Instructions to follow: To complete this task, print all the data below exactly but leave out the images.

Data block:
'''
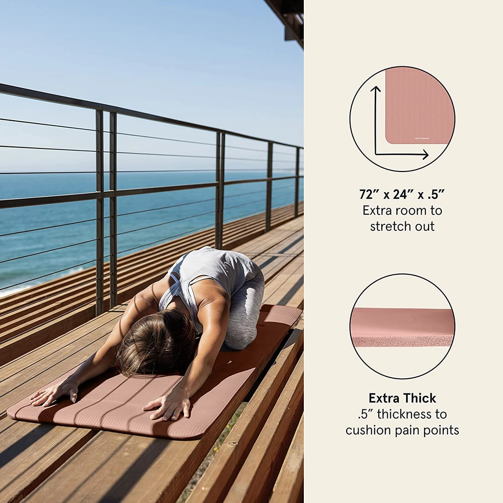 Extra thick for comfort and balance: Solana firm ½-inch extra thick fitness mat w/ mat strap alleviates stress on pressure points such as joints, hips, hands, and knees. 72" x 24" x ½" Non-slip surface: Solana's non-slip material keeps you steady and balanced while staying securely on the floor, preventing injury and allowing you to focus on your practice or workout. Durability: Solana's thick, durable material allows for everyday use, regardless of the intensity of your exercise. Ideal for your home or studio practice. BPA free: our products are free of Phthalate, heavy metals and latex. Your mat may initially release a harmless odor. If so, unroll your mat and air it for a day or two before using. Easy to clean: Solana is easy to keep clean and fresh for your next workout. Use a mix of gentle soap and water, wipe clean, and hang it to dry. Do not submerge. From the manufacturer Easy to Clean Wipe clean with a mix of water and a light amount of gentle soap, then hang it to dry. (Do not submerge.) Carrying Strap Easily transport your mat from your home practice to your studio salutations with its convenient nylon carrying strap. Ribbed Surface Texture Helps prevent slipping and keeps you well grounded during your flow. Extra Thick Foam Dense NBR foam alleviates stress on pressure points such as joints, hips, hands, and knees.
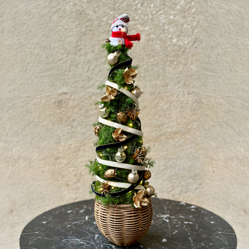 ナチュラルコニファーでデザインしたテーブルサイズの小さなクリスマスツリー。
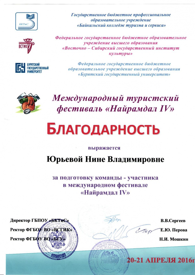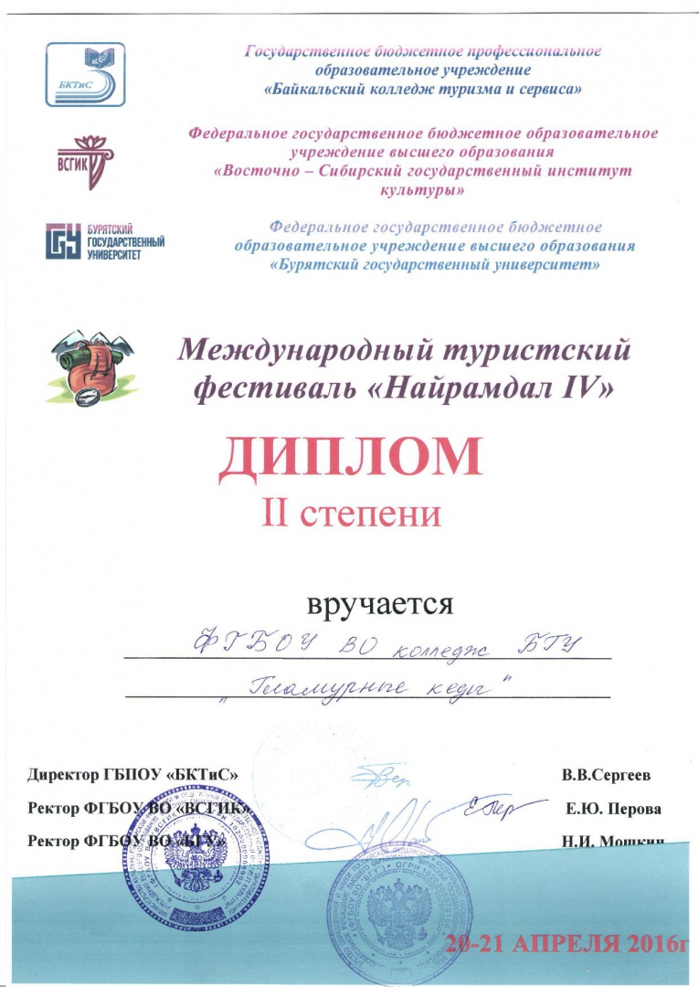 Дирекция Колледжа БГУ поздравляет студентов Колледжа специальности "Туризм"- Ламаеву Галину, Батоеву Намгар, Константинову Анну, Балданову Сэлмэг, Батоеву Намгар, Батуеву Арюна, Ершову Александру и научного руководителя ст. преподавателя кафедры сервиса и туризма Юрьеву Н.В. , занявших 2 место в Международном туристическом фестивале "Найрамдал IV". Желаем дальнейших успехов и побед!
'''
Problem solution:
 Extra thick for comfort and balance: Solana firm ½-inch extra thick fitness mat w/ mat strap alleviates stress on pressure points such as joints, hips, hands, and knees. 72" x 24" x ½" Non-slip surface: Solana's non-slip material keeps you steady and balanced while staying securely on the floor, preventing injury and allowing you to focus on your practice or workout. Durability: Solana's thick, durable material allows for everyday use, regardless of the intensity of your exercise. Ideal for your home or studio practice. BPA free: our products are free of Phthalate, heavy metals and latex. Your mat may initially release a harmless odor. If so, unroll your mat and air it for a day or two before using. Easy to clean: Solana is easy to keep clean and fresh for your next workout. Use a mix of gentle soap and water, wipe clean, and hang it to dry. Do not submerge. From the manufacturer Easy to Clean Wipe clean with a mix of water and a light amount of gentle soap, then hang it to dry. (Do not submerge.) Carrying Strap Easily transport your mat from your home practice to your studio salutations with its convenient nylon carrying strap. Ribbed Surface Texture Helps prevent slipping and keeps you well grounded during your flow. Extra Thick Foam Dense NBR foam alleviates stress on pressure points such as joints, hips, hands, and knees.
 ナチュラルコニファーでデザインしたテーブルサイズの小さなクリスマスツリー。
 Дирекция Колледжа БГУ поздравляет студентов Колледжа специальности "Туризм"- Ламаеву Галину, Батоеву Намгар, Константинову Анну, Балданову Сэлмэг, Батоеву Намгар, Батуеву Арюна, Ершову Александру и научного руководителя ст. преподавателя кафедры сервиса и туризма Юрьеву Н.В. , занявших 2 место в Международном туристическом фестивале "Найрамдал IV". Желаем дальнейших успехов и побед!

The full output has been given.